松田:そうですね。野球の世界には良い選手が一杯いるのですが、ケガをして戦列を離れ、その果てには現役を退いてしまう選手もたくさんいます。技術や素質も大事でしょうが、まずは体が丈夫なことが第一。とにかくグラウンドに立ち続けて、試合に出続けて、そしてチームの勝利に貢献することが一番大きいかなと思います。
-:とは言え、普段プロ野球選手を見慣れない競馬マスコミからすれば、松田選手はすごく体が大きくて立派に見えます。それでも、ケガが多かったと。
松田:ええ、僕は去年でプロ10年目だったのですが、骨折を5回しています。
戸崎圭太騎手:プロフィールを見ると、たくさんケガをされているみたいですね。
松田:たとえば肉離れのようなケガが1回もなくて、全て骨折なんですよ。デッドボールを受けたり、ベースにスライディングをして折れたり、そういう偶発的な骨折が多いですね。
圭太:骨折が良いという訳じゃないですが、肉離れのような怪我だと長くかかってしまいますよね。しかも、癖になったりしそうですし。それにしても、(骨折の回数が)多かったのでビックリしましたね。
松田:確かに「お前、5回も骨折した中でよく這い上がってきたな」と、よく言われますね。
-:スポーツをやらない一般の方で、なかなかそれだけの回数、骨折する方はいないですもんね。戸崎騎手はケガの経験もありますか?中央に来てからは大きな事故はありませんが。
圭太:僕は骨折を3回やっているんですよね。鎖骨2回と顔面と上腕骨。特に地方競馬時代にあった最初のケガは大きかったです。
松田:競馬もケガは付きものですよね。
圭太:そうですね。まあ、自分が気を付けていても、周りがやった時に煽りを受けてケガをしてしまう場合もあるので。
松田:そういう時は防ぎようがないのですか?
圭太:ええ。瞬時のアクシデントなので。もう拝むだけですね、ヘヘヘ(笑)。それしかないですよ。
-:最近、そういった目に遭われる機会は見受けられませんが、そのあたりは技術の向上など、危機察知能力などの経験もあってのものなのでしょうか?
圭太:いや、どうなんですかねぇ。そういうことも幾らか少しずつは体で覚えてきたりするところもあるのでしょうが、自分が乗っている、乗っていないに関わらず、馬が怪我をして、転倒してしまったら、どうにも防ぎようがない時があるので、本当に願うしかないですよね。
-:改めて、戸崎騎手は1年を振り返ってみて、いかがでしたか?
圭太:リーディングという形で終われたこと、それ自体は良かったと思いますが、運も良かったなというのもありましたね。

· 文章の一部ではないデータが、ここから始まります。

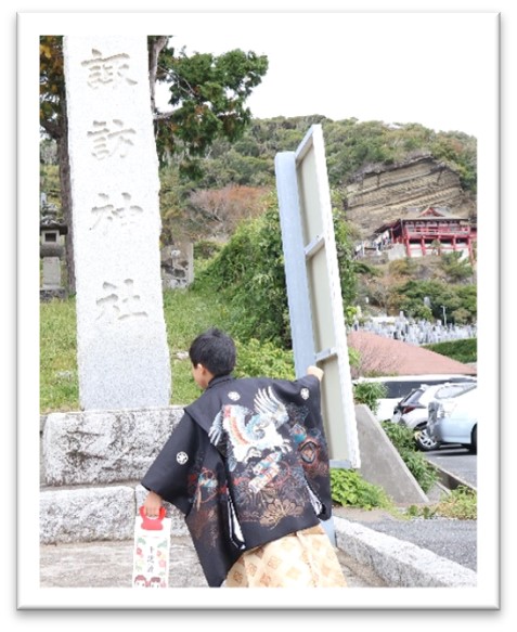 かっこよくなった2人は、崖観音へ‼ たくさんの階段を上り、お参りをしました。

いつも言っているのですが、もっともっと内容を濃くしていきたいです。
-:松田選手に戸崎騎手の紹介をすると、昨年と一昨年の日本で一番勝ったジョッキーです。最多勝なので、ジョッキーの中では最も名誉のある賞を獲ったということです。野球選手の首位打者とか、ホームラン王に相当するのかなと。
松田:すごいですね。野球で言うと、それどころじゃなくMVPなんじゃないですか。
圭太:騎手は個人でやっているのですが、それでもやはり1人じゃ出来ないことなので。馬がいたり、スタッフさんがいたり、オーナーがいたり、最も助けられて、支えられて達成出来ることです。野球だったらチームがありますからね。個人のタイトルはありますけど。
松田宣浩×戸崎圭太「日本一」の熱き男たち(第2章)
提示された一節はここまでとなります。